__TASK DIRECTIONS__.
Images are not wanted; transcribe the rest of the listing exactly.

── PROVIDED DATA ──

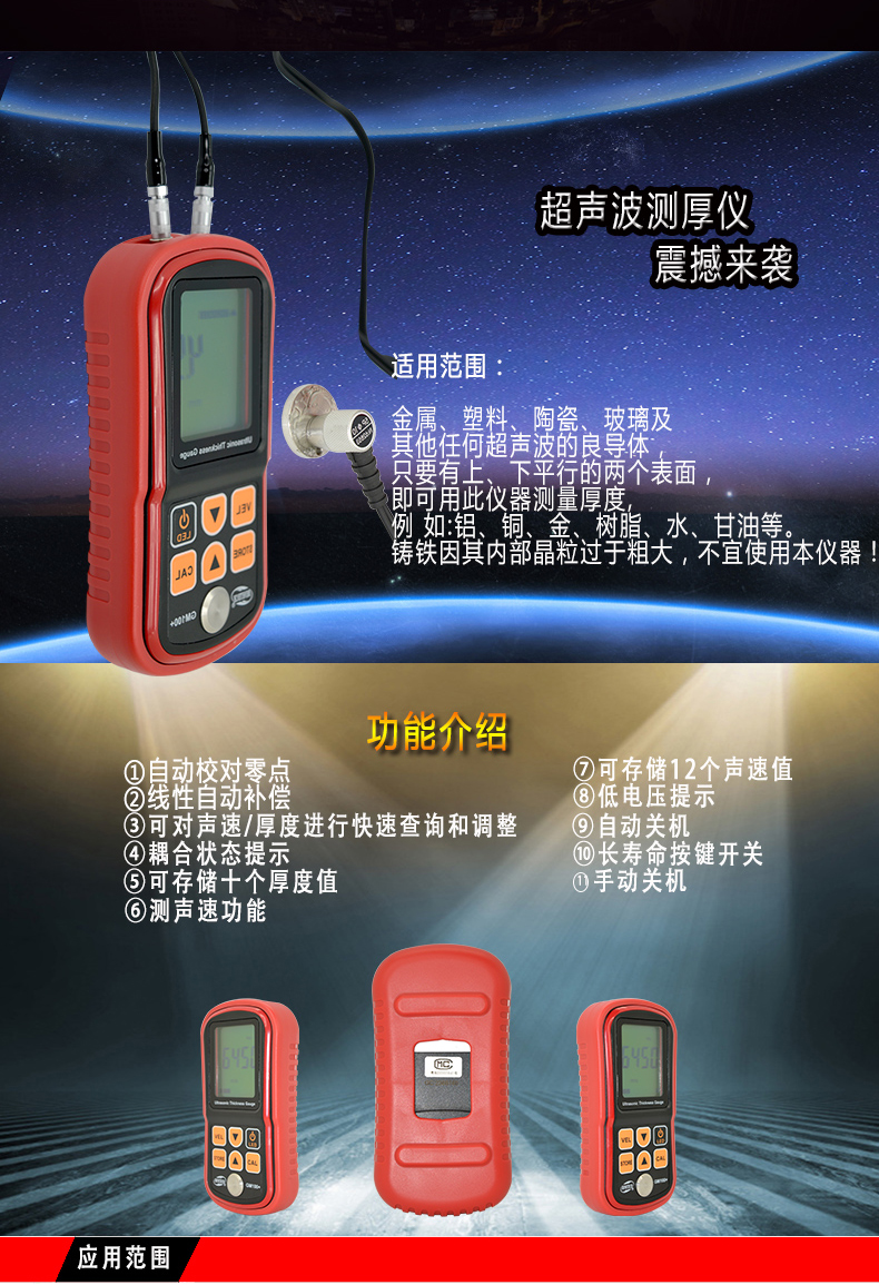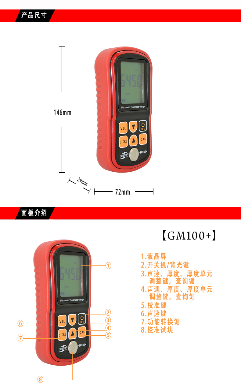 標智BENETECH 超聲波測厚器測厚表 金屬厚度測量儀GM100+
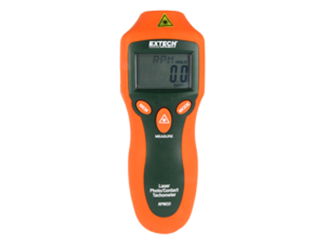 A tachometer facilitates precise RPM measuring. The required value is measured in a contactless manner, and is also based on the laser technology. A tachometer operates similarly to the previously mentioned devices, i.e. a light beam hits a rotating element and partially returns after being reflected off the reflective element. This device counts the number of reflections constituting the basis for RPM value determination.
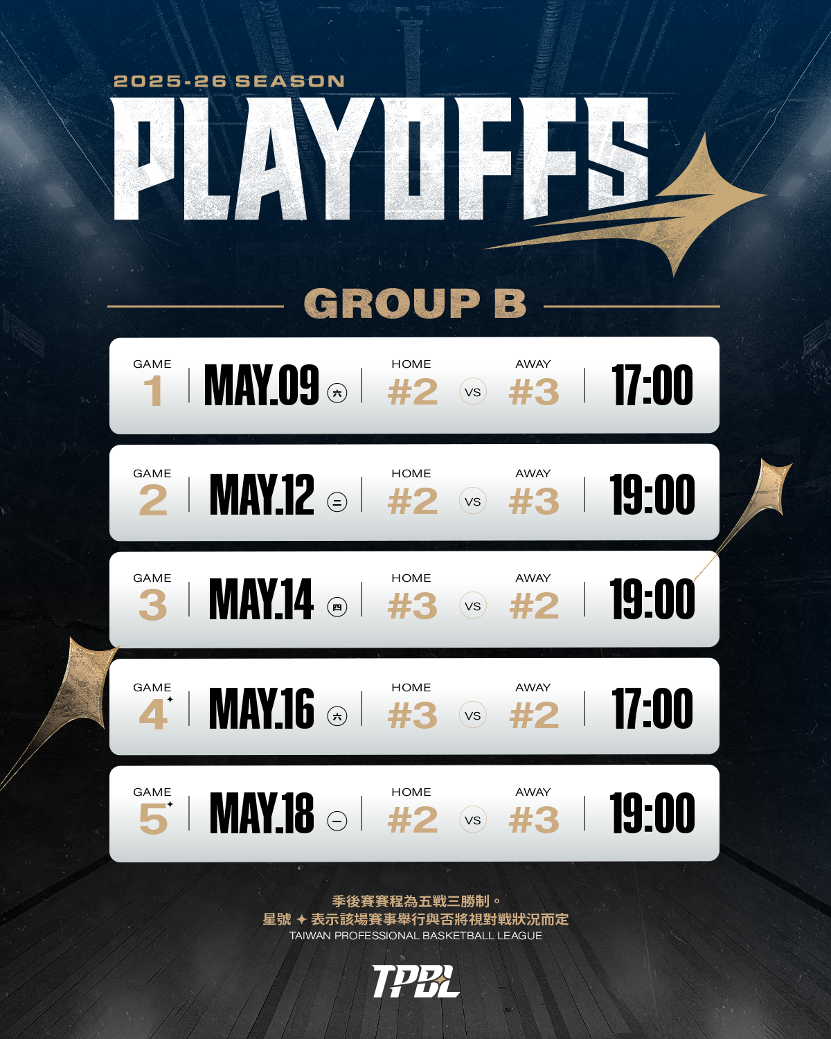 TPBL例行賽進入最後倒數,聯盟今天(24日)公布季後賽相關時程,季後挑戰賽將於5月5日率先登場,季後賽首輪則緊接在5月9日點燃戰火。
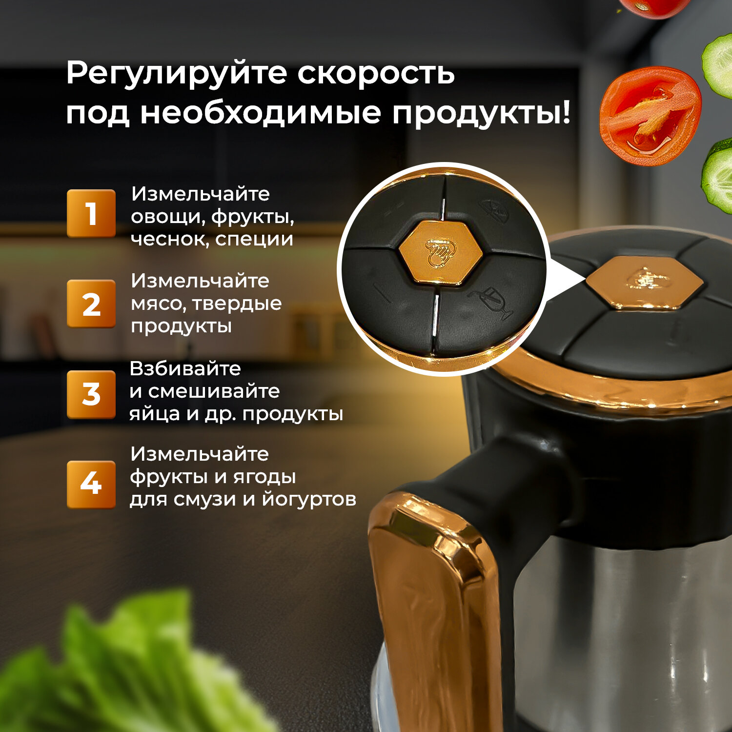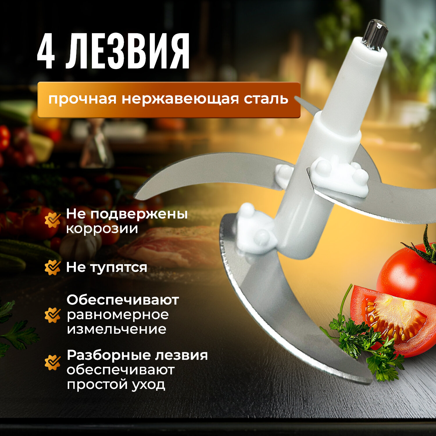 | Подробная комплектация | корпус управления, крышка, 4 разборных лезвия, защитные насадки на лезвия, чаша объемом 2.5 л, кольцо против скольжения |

───

__ANSWER BOX__.
 標智BENETECH 超聲波測厚器測厚表 金屬厚度測量儀GM100+
 A tachometer facilitates precise RPM measuring. The required value is measured in a contactless manner, and is also based on the laser technology. A tachometer operates similarly to the previously mentioned devices, i.e. a light beam hits a rotating element and partially returns after being reflected off the reflective element. This device counts the number of reflections constituting the basis for RPM value determination.
 TPBL例行賽進入最後倒數,聯盟今天(24日)公布季後賽相關時程,季後挑戰賽將於5月5日率先登場,季後賽首輪則緊接在5月9日點燃戰火。
 | Подробная комплектация | корпус управления, крышка, 4 разборных лезвия, защитные насадки на лезвия, чаша объемом 2.5 л, кольцо против скольжения |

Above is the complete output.